» What you have to do: Below are entries to reproduce exactly, apart from their pictures.

» Material for this exercise:
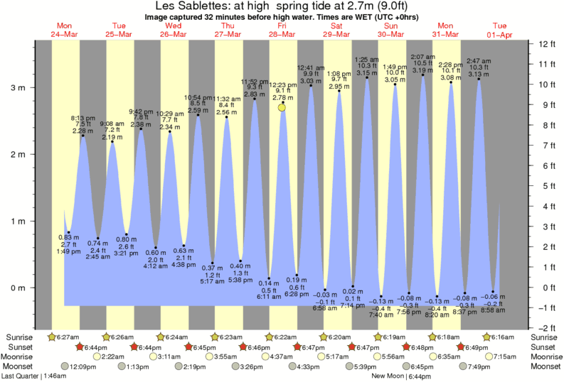 Image captured 32 minutes before high water (at high spring tide). Tide height was 2.7m (9.0 ft). Range 3.62m (11.9 ft). Toggle tide graph
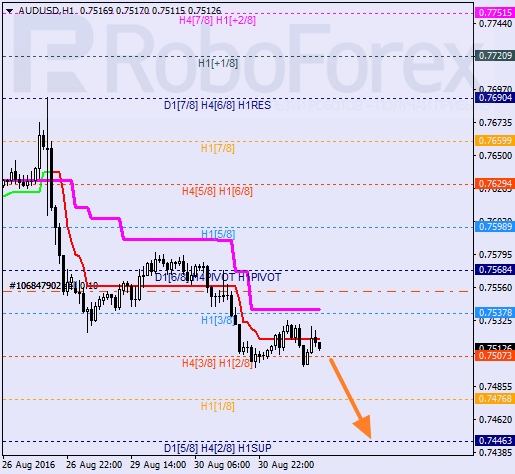 H4: para odbiła od 6/8 i wznowiła spadek w rezultacie linie trendowe utworzyły „krzyż śmierci”. Jest wysoce prawdopodobne, że po ukończeniu lokalnej korekty rynek może kontynuować ruch w dół. Najbliższym celem jest 1/8.
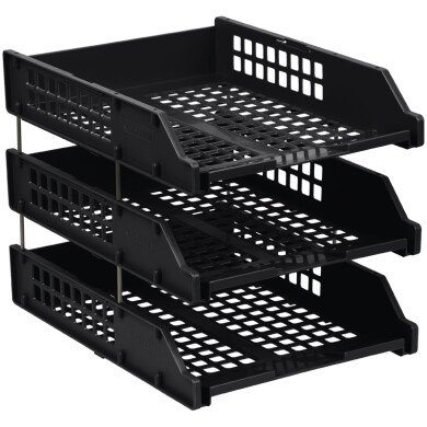 Лоток горизонтальный для бумаг СТАММ "Strong", набор 3шт., на метал. стержнях, черный
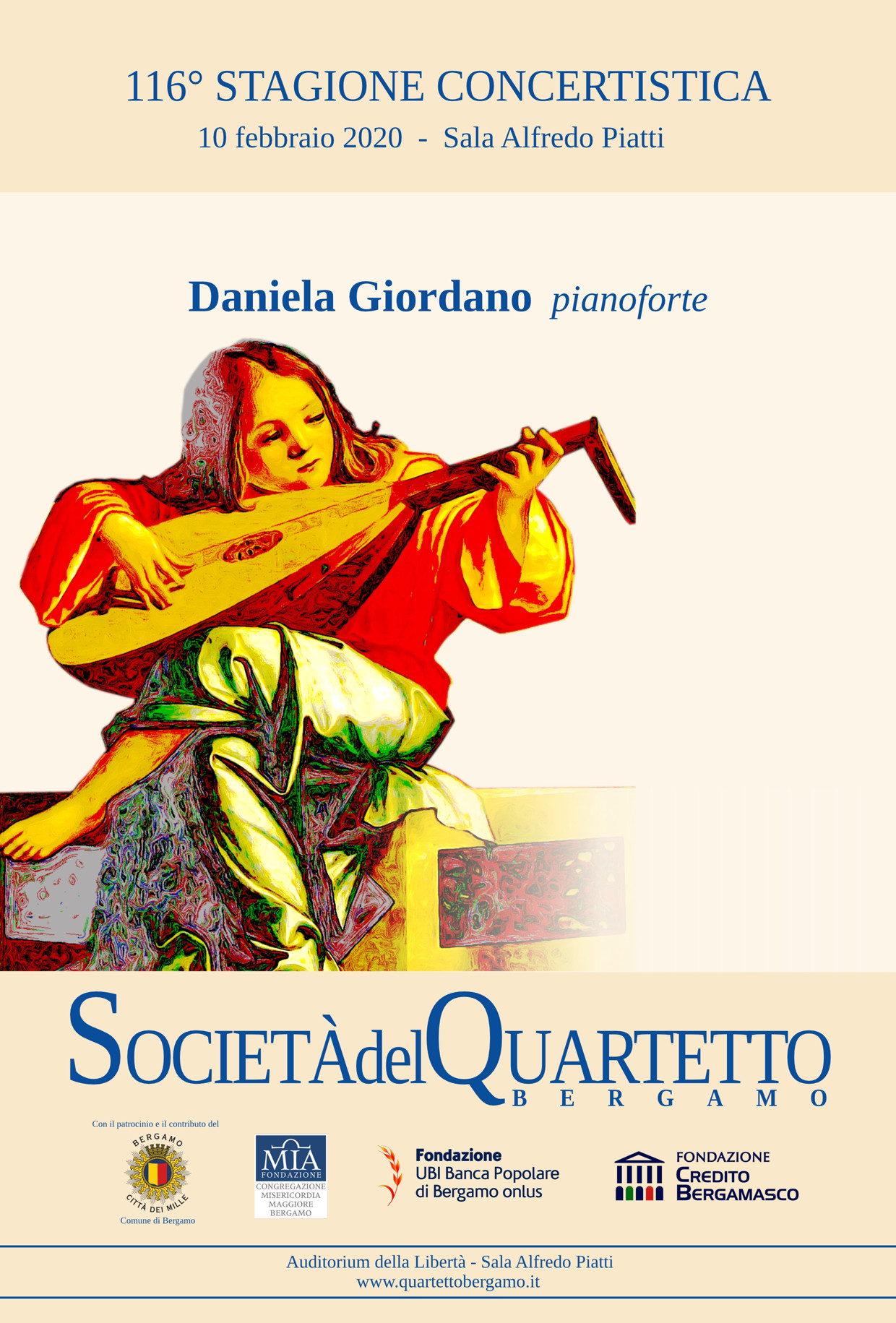 La pianista Daniela Giordano, docente del Conservatorio Gaetano Donizetti di Bergamo si esibirà in concerto con musiche di Umberto Giordano, Schumann, Chopin, Brahms, Ginastera.
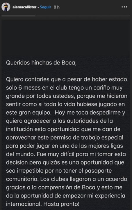 Las críticas de Mac Allister de aquel momento y de ahora difieren del comunicado que publicó cuando se fue. En esa ocasión, dijo que «fue muy difícil tomar está decisión» y que «quizás es una oportunidad irrepetible». Además valoró la actitud de Boca para resolver los trámites y facilitar su partida al Brighton. La pregunta es si en esa oportunidad fue políticamente correcto y evitó los problemas o si ahora exagera su versión.
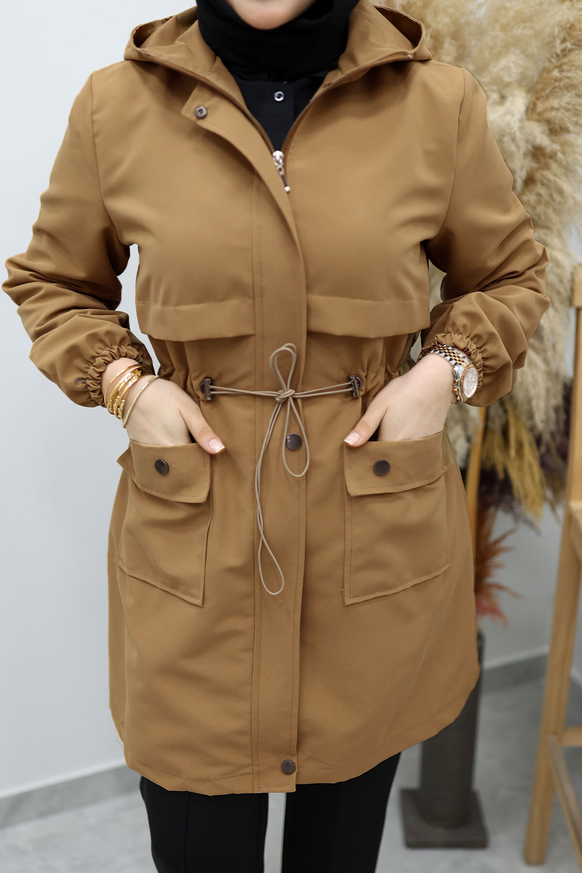 Kapüşonlu Beli Büzgülü Trençkot TSD260148 Taba Özellikleri
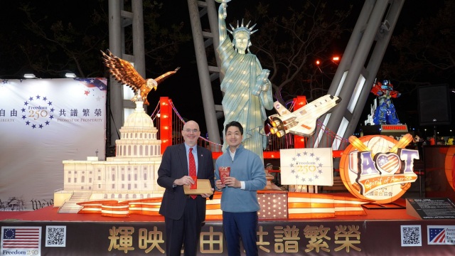 蔣萬安日前與谷立言一起為AIT在台北燈節展出點燈。(取自AIT臉書)
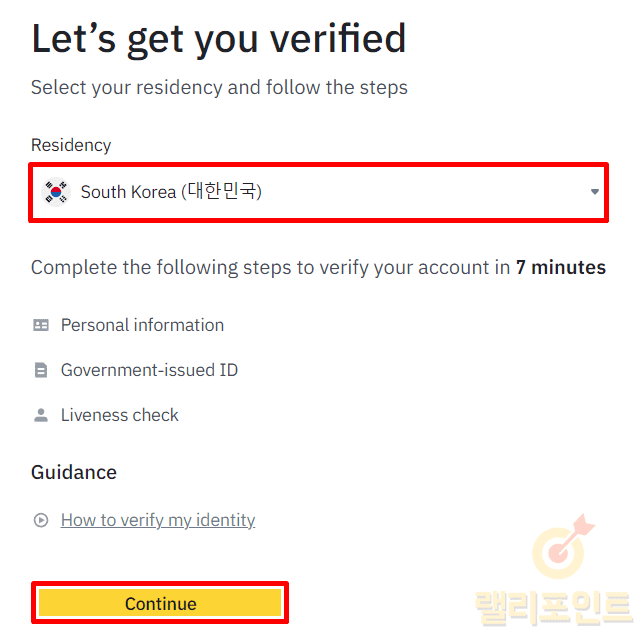 9. Residency에서 대한민국을 찾아서 선택하고 Continue를 누릅니다.
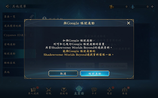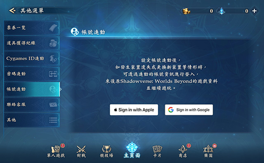 請在欲進行連動的裝置中安裝《Shadowverse: Worlds Beyond》後,於遊戲標題畫面的「資料連動」內,選擇所設定的外部服務進行連動。
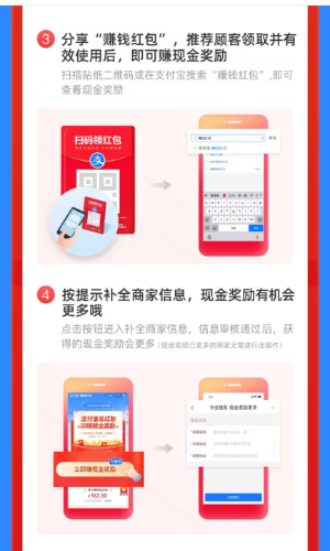第一步:在實體門店掃“賺錢紅包”貼紙,獲取紅包;
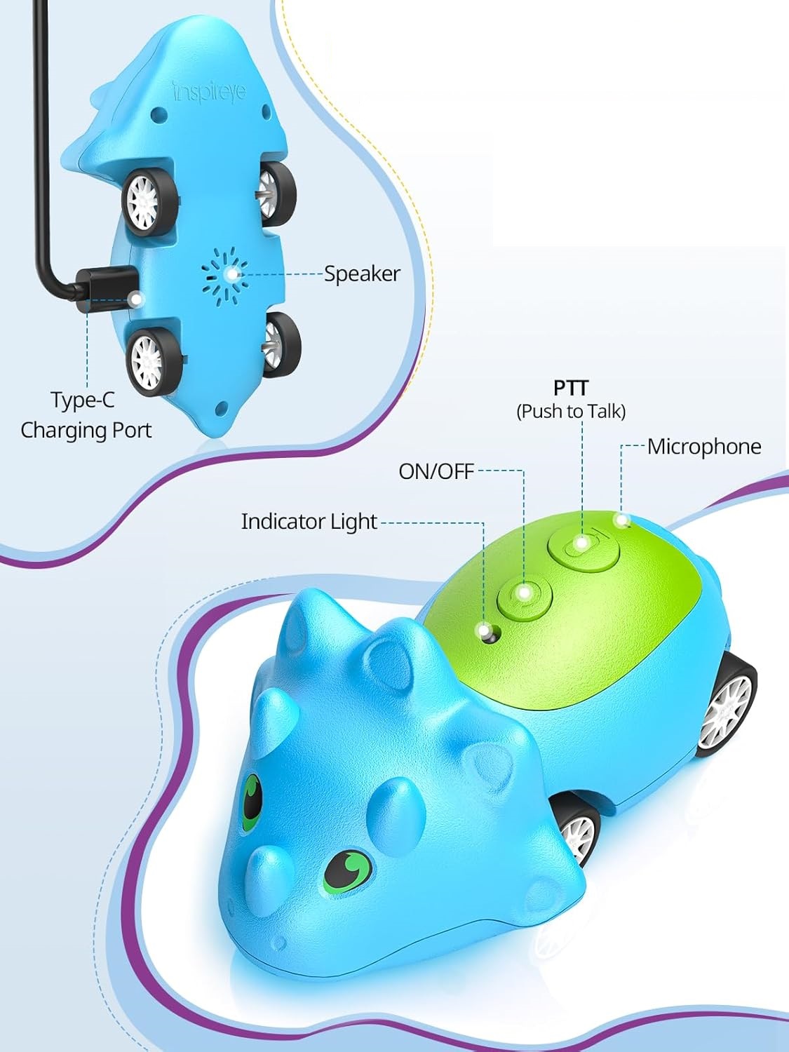 Рация Inspireyes для детей, рация с динозаврами, игрушечный автомобиль
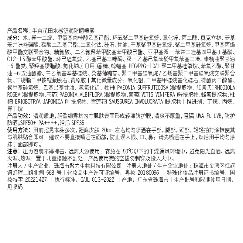 半亩花田 水感舒润防晒喷雾120ml[cs51]
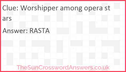 Worshipper among opera stars is a crossword clue for which we have 1 possible answer and we have spotted 2 times in our database. This crossword clue was last seen on 05 December 2024 in The Sun Cryptic Crossword puzzle!
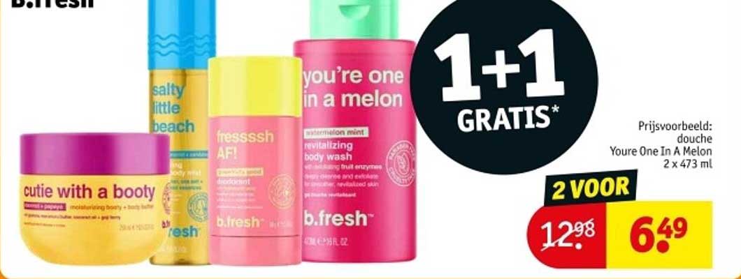 Ken je het gevoel van frisheid en verfrissing tijdens je dagelijkse verzorgingsroutine? Met de geweldige aanbieding van b.fresh heb je nu de kans om je huid te verwennen met de beste producten! Van 15 juli tot en met 20 juli kun je profiteren van een fantastische deal: bij aankoop van twee producten, krijg je de tweede gratis! Dit is dé kans om de geweldige 'You're One In A Melon' douche te ontdekken en je dagelijkse verzorging een boost te geven.
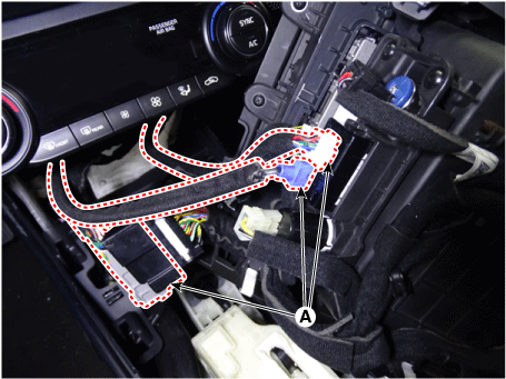 Снимите индикатор беспроводной зарядки (A), ослабив винты после отсоединение разъема.

» Exercise answer:
 Image captured 32 minutes before high water (at high spring tide). Tide height was 2.7m (9.0 ft). Range 3.62m (11.9 ft). Toggle tide graph
 H4: para odbiła od 6/8 i wznowiła spadek w rezultacie linie trendowe utworzyły „krzyż śmierci”. Jest wysoce prawdopodobne, że po ukończeniu lokalnej korekty rynek może kontynuować ruch w dół. Najbliższym celem jest 1/8.
 Лоток горизонтальный для бумаг СТАММ "Strong", набор 3шт., на метал. стержнях, черный
 La pianista Daniela Giordano, docente del Conservatorio Gaetano Donizetti di Bergamo si esibirà in concerto con musiche di Umberto Giordano, Schumann, Chopin, Brahms, Ginastera.
 Las críticas de Mac Allister de aquel momento y de ahora difieren del comunicado que publicó cuando se fue. En esa ocasión, dijo que «fue muy difícil tomar está decisión» y que «quizás es una oportunidad irrepetible». Además valoró la actitud de Boca para resolver los trámites y facilitar su partida al Brighton. La pregunta es si en esa oportunidad fue políticamente correcto y evitó los problemas o si ahora exagera su versión.
 Kapüşonlu Beli Büzgülü Trençkot TSD260148 Taba Özellikleri
 蔣萬安日前與谷立言一起為AIT在台北燈節展出點燈。(取自AIT臉書)
 9. Residency에서 대한민국을 찾아서 선택하고 Continue를 누릅니다.
 請在欲進行連動的裝置中安裝《Shadowverse: Worlds Beyond》後,於遊戲標題畫面的「資料連動」內,選擇所設定的外部服務進行連動。
第一步:在實體門店掃“賺錢紅包”貼紙,獲取紅包;
 Рация Inspireyes для детей, рация с динозаврами, игрушечный автомобиль
 半亩花田 水感舒润防晒喷雾120ml[cs51]
 Worshipper among opera stars is a crossword clue for which we have 1 possible answer and we have spotted 2 times in our database. This crossword clue was last seen on 05 December 2024 in The Sun Cryptic Crossword puzzle!
 Ken je het gevoel van frisheid en verfrissing tijdens je dagelijkse verzorgingsroutine? Met de geweldige aanbieding van b.fresh heb je nu de kans om je huid te verwennen met de beste producten! Van 15 juli tot en met 20 juli kun je profiteren van een fantastische deal: bij aankoop van twee producten, krijg je de tweede gratis! Dit is dé kans om de geweldige 'You're One In A Melon' douche te ontdekken en je dagelijkse verzorging een boost te geven.
 Снимите индикатор беспроводной зарядки (A), ослабив винты после отсоединение разъема.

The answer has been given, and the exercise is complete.